In the United States, there is distrust of, even hostility toward the press. In the emerging democracies of Latin America however, investigative journalism has earned the confidence that so many traditional institutions have lost. And so, journalism has become a very dangerous field. As Latin America has entered its phase of democratic transition, journalists have been beaten, kidnapped, even murdered, especially when their topics are individual politicians, drug dealing, or abuses under previous dictatorships, and many of these crimes have gone unsolved.
Ironically, Jacobo Timerman was not murdered in the street or tortured to death in a cell. He lived a full life, outlived his wife in fact, and his sons and grandchildren attended his funeral. I knew a man who was tortured for the crime of translating Shakespeare in his native Iran (under the Shah). I have marched with the Mothers of Plaza de Mayo in Buenos Aires, mourning their disappeared children. Now, I hope that more such witnesses of our time will have such deaths as Jacobo Timerman, a prisoner who reclaimed his own name.
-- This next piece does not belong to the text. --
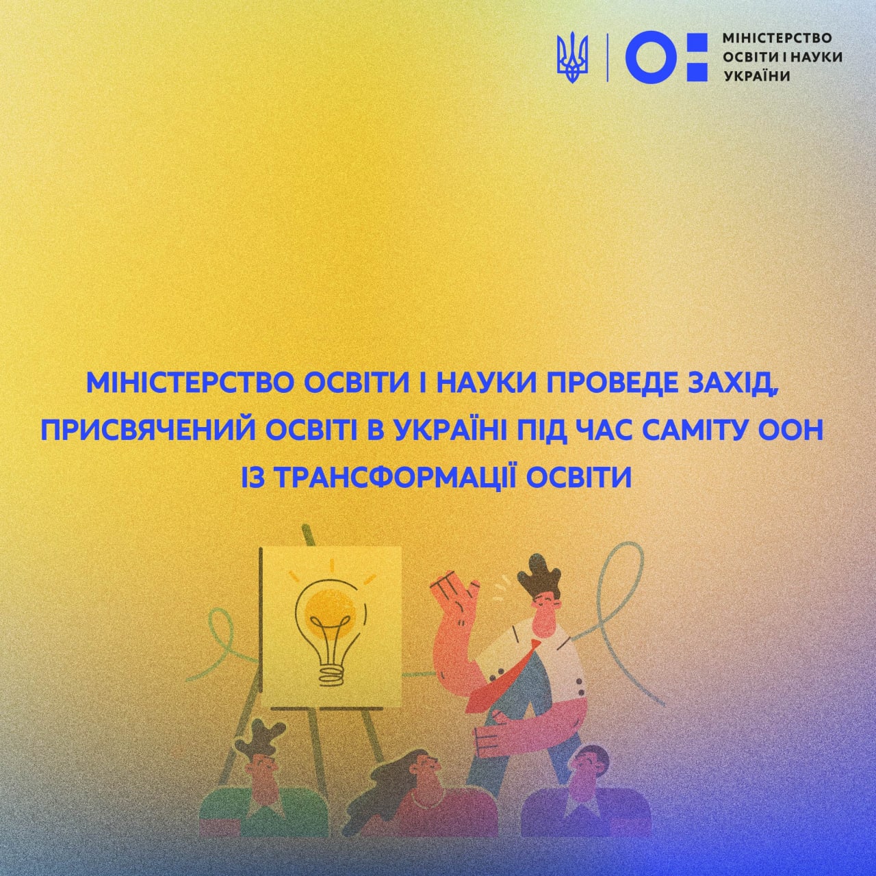 17 вересня 2022 року Міністерство освіти і науки України проведе захід «Трансформація освіти в часи кризи: погляд України» в межах Саміту ООН з питань трансформації освіти, що відбуватиметься в Нью-Йорку. Захід організовано у партнерстві з Міністерством освіти і науки Польщі та ЮНЕСКО. Детальніше

During the months that I have been rovin’ and ravin’ with you, a number of famous people have died, people who have been eulogized in many places, but not here. In fact, I have chosen to write about the deaths of only three people. Just as I prefer to write about films which you might not have heard so much about, so do I prefer to write about people of whom you may not be aware. First, there was Stanley Kubrick, who shaped how we saw our lives. Then, there was Frank Turner, who shaped our environment and lives. Now, there is Jacobo Timerman, who, perhaps, has had little effect on your life or on mine but stands as a symbol of the times in which we live.
The Internet is a dangerous place for those who would limit freedom of expression. It is a nightmare for repressive regimes. Here are three great Internet sites that continue to bear witness for us all, sites very much worth your time:
The International Freedom of Expression Exchange Clearinghouse—
The Committee to Protect Journalists—
The American Center of P.E.N. (Poets, Playwrights, Essayists, Editors, Novelists)—
Keep your feet dry and your heart full of noble thoughts, even gratitude that we live in a country where we can rove and rave as freely as we do and that we have not only the Internet but also such a wonderful point of entry to it as Peanut.org where we can break out of our numberless cells and make our own names.